Anwar melanjutkan, yang biasanya terjadi di UMKM Medan adalah para pengusahanya mendatangkan bahan baku dari luar negeri atau luar daerah.
Hal itu terutama untuk UMKM kuliner yang memerlukan banyak bahan baku. Selain itu, bahan untuk pengemasan juga bisa saja didatangkan dari luar Medan.
"Produksi dan pengemasannya tetap di Medan," kata Anwar.
Anwar Syarif pun menegaskan bahwa masuknya barang-barang impor lalu dijual di Indonesia seperti pernah melalui "social commerce", yang kini sudah dilarang oleh pemerintah, merugikan pelaku UMKM.
Pengusaha UMKM tidak bisa menyaingi harga barang-barang impor yang biasanya dijual di bawah harga pasar.
"UMKM tidak dapat bersaing," tutur Anwar.
Diskop UKM Perindag Medan menyatakan nyaris 90 ribu UMKM di Medan tercatat di Sistem Informasi Data Tunggal (SIDT) milik Kementerian Koperasi dan UKM pada tahun 2022.

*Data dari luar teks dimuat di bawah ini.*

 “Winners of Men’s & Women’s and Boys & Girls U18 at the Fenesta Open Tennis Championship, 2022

Informasi dalam SIDT UMKM didapatkan dari Pendataan Lengkap Koperasi dan UMKM (PL-KUMKM).
Terkait barang impor, Pemerintah Indonesia menerapkan Peraturan Menteri Keuangan (PMK) Nomor 96 Tahun 2023 tentang Ketentuan Kepabeanan, Cukai, dan Pajak atas Impor dan Ekspor Barang Kiriman mulai 17 Oktober 2023.
Aturan tersebut merupakan revisi dari PMK Nomor 199/PMK.010/2019.

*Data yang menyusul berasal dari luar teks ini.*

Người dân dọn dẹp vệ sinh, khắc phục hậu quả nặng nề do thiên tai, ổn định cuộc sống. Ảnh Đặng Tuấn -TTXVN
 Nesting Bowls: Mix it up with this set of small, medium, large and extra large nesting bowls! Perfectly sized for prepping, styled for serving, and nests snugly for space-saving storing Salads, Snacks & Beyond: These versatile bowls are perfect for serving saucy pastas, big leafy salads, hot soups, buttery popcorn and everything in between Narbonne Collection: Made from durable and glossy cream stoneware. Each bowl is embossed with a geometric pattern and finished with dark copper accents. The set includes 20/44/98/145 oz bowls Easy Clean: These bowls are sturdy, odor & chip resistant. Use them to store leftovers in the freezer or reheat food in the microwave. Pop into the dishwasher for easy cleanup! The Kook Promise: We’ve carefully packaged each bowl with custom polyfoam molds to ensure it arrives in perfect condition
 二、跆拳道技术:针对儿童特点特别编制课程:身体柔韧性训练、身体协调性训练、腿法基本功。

Ada enam perubahan yang ada di regulasi baru tersebut. Pertama, skema kemitraan antara Penyelenggara Perdagangan Melalui Sistem Elektronik (PPMSE) dengan Direktorat Jenderal Bea Cukai (DJBC) yang sebelumnya bersifat opsional, kini menjadi wajib.
PPMSE yang dimaksud adalah yang melakukan transaksi impor barang kiriman dengan jumlah lebih dari 1.000 kiriman dalam periode satu tahun kalender. Sementara PPMSE yang bertransaksi di bawah jumlah tersebut dikecualikan dari kewajiban kemitraan
Kedua, bila pada PMK 199/2019 PPMSE diperlakukan sebagai mitra DJBC (pihak ketiga), pada PMK 96/2023 PPMSE diperlakukan sebagai importir.
Ketiga, pemerintah menambah empat komoditas baru yang dikenakan tarif "Most Favoured Nation" (MFN), yakni sepeda dengan tarif 25 persen hingga 40 persen, jam tangan 10 persen, kosmetik 10 persen sampai 15 persen, serta besi dan baja nol persen hingga 20 persen.
Dengan demikian, bila digabung dengan PMK 199/2019, maka terdapat delapan komoditas yang dikenakan tarif MFN, bersama dengan tekstil dan produk tekstil dengan tarif 15 persen hingga 25 persen, alas kaki atau sepatu 25 persen hingga 30 persen, tas 15 persen hingga 20 persen, serta buku nol persen.
Keempat, pemerintah mengubah pengaturan tentang "consignment note" (CN) pada PMK 96/2023. Kelima, sistem pemberitahuan pabean dan penetapan tarif/nilai pabean barang hasil perdagangan dilakukan secara "self-assesment", sehingga memungkinkan adanya sanksi.
Terakhir, pemerintah turut mengatur ketentuan ekspor barang kiriman pada PMK 96/2023. Hal itu bertujuan untuk mendorong ekspor usaha mikro, kecil, dan menengah (UMKM) seiring dengan meningkatnya perdagangan lintas negara melalui "e-commerce".